Internal rifts ‘deep’ among Taliban, say sources

A number of Taliban leaders, including Sirajuddin Haqqani (second from left) attend Eid prayers in Kabul on July 9, 2022. Photo: Arg.

Eleven months after the Taliban’s return to power by toppling the republic government, the leadership of the group is facing intense rifts that have “increased recently” and have led to verbal and armed clashes between its fighters in various parts of the country, two sources aware of the matter said.

A source, who was a key member of the Taliban’s military commission for various provinces, told Amu TV that the rifts are “increasing” among the Taliban and that the group has changed into three clusters.

The source said that the first cluster is those under the first deputy prime minister of Taliban, Mullah Abdul Ghani Baradar, and are those who attended the peace process with the US. Those under this cluster are moderate Taliban, the source said.

The second cluster, the source said, is led by Mullah Mohammad Yaqub, the interior minister of the group and son of the Taliban’s founder leader Mullah Omar. Individuals under this faction are those who have mostly attended fighting.

The third faction, the source said, is that of the Haqqani network, which is led by the Taliban’s defense minister Sirajuddin Haqqani.

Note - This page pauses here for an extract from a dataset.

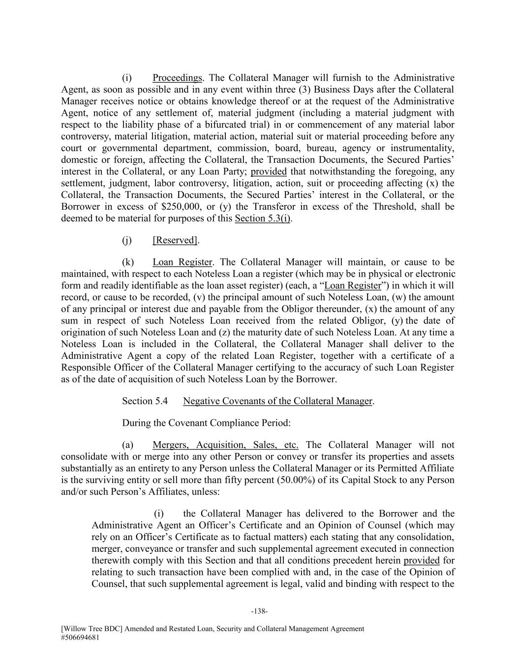 (i) Proceedings. The Collateral Manager will furnish to the Administrative Agent, as soon as possible and in any event within three (3) Business Days after the Collateral Manager receives notice or obtains knowledge thereof or at the request of the Administrative Agent, notice of any settlement of, material judgment (including a material judgment with respect to the liability phase of a bifurcated trial) in or commencement of any material labor controversy, material litigation, material action, material suit or material proceeding before any court or governmental department, commission, board, bureau, agency or instrumentality, domestic or foreign, affecting the Collateral, the Transaction Documents, the Secured Parties’ interest in the Collateral, or any Loan Party; provided that notwithstanding the foregoing, any settlement, judgment, labor controversy, litigation, action, suit or proceeding affecting (x) the Collateral, the Transaction Documents, the Secured Parties’ interest in the Collateral, or the Borrower in excess of $250,000, or (y) the Transferor in excess of the Threshold, shall be deemed to be material for purposes of this Section 5.3(i). (j) [Reserved]. (k) Loan Register. The Collateral Manager will maintain, or cause to be maintained, with respect to each Noteless Loan a register (which may be in physical or electronic form and readily identifiable as the loan asset register) (each, a “Loan Register”) in which it will record, or cause to be recorded, (v) the principal amount of such Noteless Loan, (w) the amount of any principal or interest due and payable from the Obligor thereunder, (x) the amount of any sum in respect of such Noteless Loan received from the related Obligor, (y) the date of origination of such Noteless Loan and (z) the maturity date of such Noteless Loan. At any time a Noteless Loan is included in the Collateral, the Collateral Manager shall deliver to the Administrative Agent a copy of the related Loan Register, together with a certificate of a Responsible Officer of the Collateral Manager certifying to the accuracy of such Loan Register as of the date of acquisition of such Noteless Loan by the Borrower. Section 5.4 Negative Covenants of the Collateral Manager. During the Covenant Compliance Period: (a) Mergers, Acquisition, Sales, etc. The Collateral Manager will not consolidate with or merge into any other Person or convey or transfer its properties and assets substantially as an entirety to any Person unless the Collateral Manager or its Permitted Affiliate is the surviving entity or sell more than fifty percent (50.00%) of its Capital Stock to any Person and/or such Person’s Affiliates, unless: (i) the Collateral Manager has delivered to the Borrower and the Administrative Agent an Officer’s Certificate and an Opinion of Counsel (which may rely on an Officer’s Certificate as to factual matters) each stating that any consolidation, merger, conveyance or transfer and such supplemental agreement executed in connection therewith comply with this Section and that all conditions precedent herein provided for relating to such transaction have been complied with and, in the case of the Opinion of Counsel, that such supplemental agreement is legal, valid and binding with respect to the -138- [Willow Tree BDC] Amended and Restated Loan, Security and Collateral Management Agreement #506694681
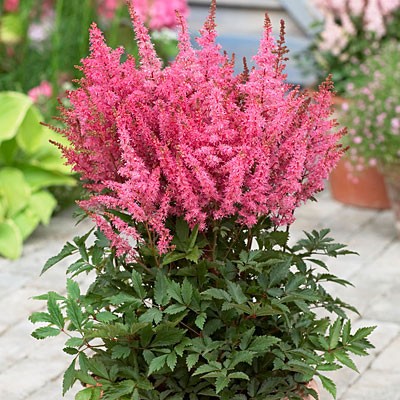 Саженцы астильбы Younique Pink – шикарные миниатюрные кусты, которые привлекают очень сильным и длительным цветением своих пушистых ярко-розовых метелок. После срезания отцветших соцветий можно наблюдать повторное цветение. Этот компактный куст идеально подходит для создания небольших альпинариев. Также саженцы данного сорта используются для обозначения передней линии цветения. Астильба любит влагу и хорошо растет в полутени. При хорошем поливе данный сорт будет замечательно расти и на солнечных участках.

“The rifts in Islamic emirate (Taliban) have increased. Everyone has set an assignment for themselves,” the source said. “The presence of the Haqqani network in the Islamic emirate has created many issues, and if this continues, the (Taliban) government will be separated and analyzed and we’re really concerned about this situation.”

Two incidents in a week

At least two incidents have happened this week that analysts say are the consequences of the Taliban leadership’s rifts on their lower ranks, especially in the central parts of Afghanistan.

Leaked audio from the Taliban’s former security chief for Panjshir, Hamid Khurasani, who is a Tajik commander, on Tuesday shows that three of his fighters have been arrested by Pashtun Taliban from Helmand for wearing the traditional hat of “pakol.”

In the 7-minute audio, Khurasani asks Taliban leaders, especially Mullah Yaqub and Haqqani to release his fighters from prison while criticizing the unjustified treatment in Taliban ranks.

He accused Taliban members from Helmand of killing civilians in Panjshir and of spreading ethnic rifts.

Earlier sources confirmed to Amu TV that more than 15 Tajik members of the Taliban have been arrested and tortured by Pashtun Taliban in Panjshir in the last month.

Meanwhile, in another incident, a clash happened between Taliban members from Kandahar and Tajik members of the group at a check post in the Gulbahar area in Parwan province on Monday evening, a source from the province said.

Struggle for power-sharing

Analysts said that the Taliban is engaged in a serious struggle for power sharing and financial resources.

Afghanistan will enter another civil war if the Taliban does not prevent these fractures, especially those that have roots in ethnicity, said Tariq Farhadi, a political affairs analyst.

“The rifts among the Taliban are on resources. Afghanistan and Taliban will suffer big damage if this is not addressed,” he said.

Repeated trips of Mullah Baradar to Kandahar, the convention of the Taliban’s grand assembly in Kabul, the trips by Taliban leaders to northern parts of the country, especially Panjshir, and the arrest of non-Pashtun commanders of Taliban, including Tajiks, Uzbeks and Hazaras, are some instances that analysts hinted to them as “deep rifts” among Taliban leadership.

Reports by local media indicate that the Taliban have had internal clashes in Takhar, Panjshir, Kapisa, Parwan, Kunduz and Sar-e-Pul provinces.

Ismail Mashal, an Afghan analyst in political affairs, said that “deep rifts” have emerged between the Haqqani-led faction and the faction led by Mullah Baradar and the two clusters have had many verbal clashes at the presidential palace, the defense ministry and the interior ministry.

He added that the rifts will lead to a civil war in the country and that there is a need for an inclusive government in Afghanistan.

“Taliban is facing with deep rifts on reopening of (girls) schools, formation of an inclusive government, appointments in ministries and the share of ethnic groups in the government,” Mashal said. “In some cases, armed clashes happen among Taliban members.”

This comes as in a leaked audio message on July 11, Mullah Yaqoob said he is worried about rifts in Taliban ranks and expressed dissatisfaction regarding the removal of the Taliban flag in the Khost district of Baghlan province.